_EXERCISE_: Return all the lines below in which the string "خلال" appears.

Segment Start: PROVIDED MATERIAL

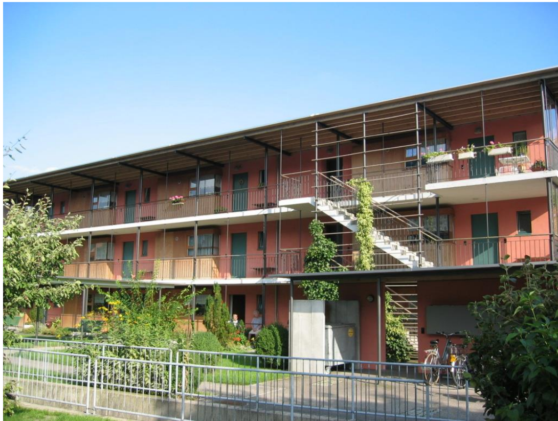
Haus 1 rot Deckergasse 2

Segment End: PROVIDED MATERIAL
Segment Start: PROVIDED MATERIAL

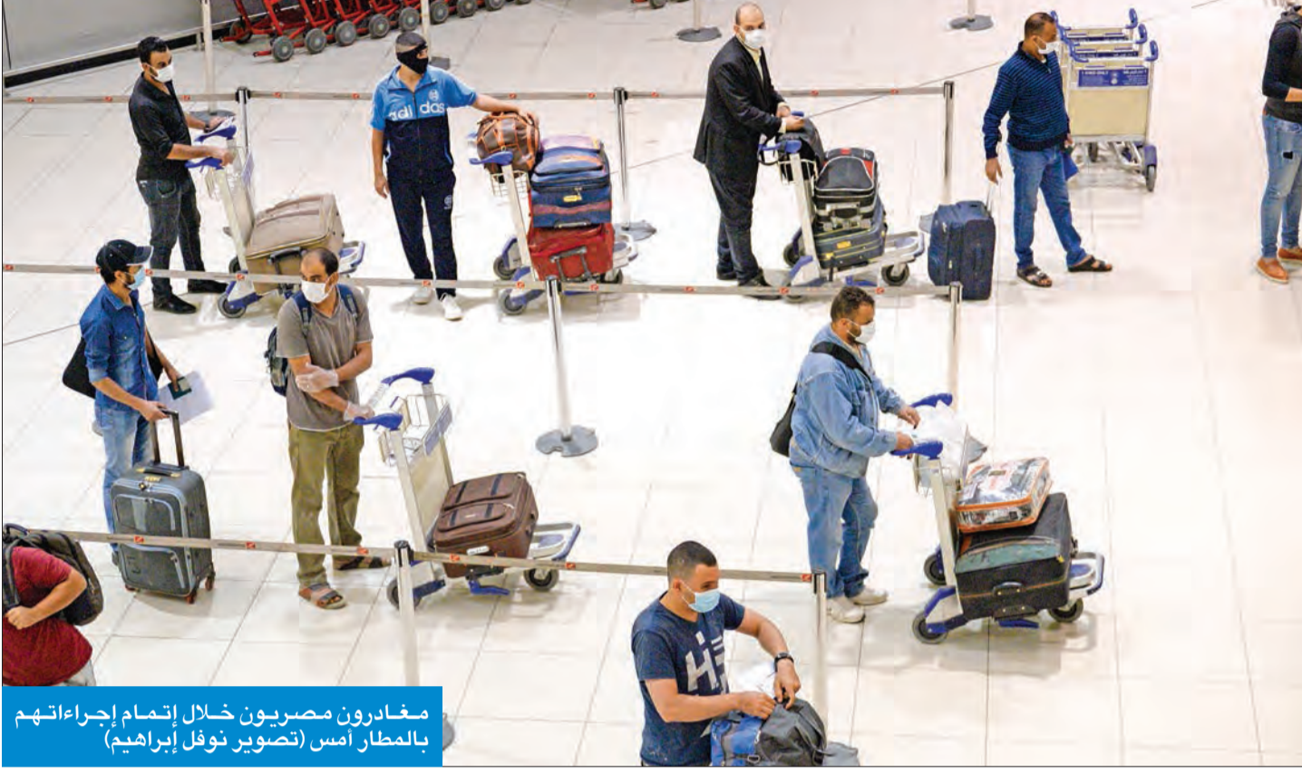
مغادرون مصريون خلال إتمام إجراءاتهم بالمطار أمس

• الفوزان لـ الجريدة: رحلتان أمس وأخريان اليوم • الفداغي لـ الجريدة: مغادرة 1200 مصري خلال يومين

Segment End: PROVIDED MATERIAL

_RESULT FOR THIS TASK_:
مغادرون مصريون خلال إتمام إجراءاتهم بالمطار أمس
• الفوزان لـ الجريدة: رحلتان أمس وأخريان اليوم • الفداغي لـ الجريدة: مغادرة 1200 مصري خلال يومين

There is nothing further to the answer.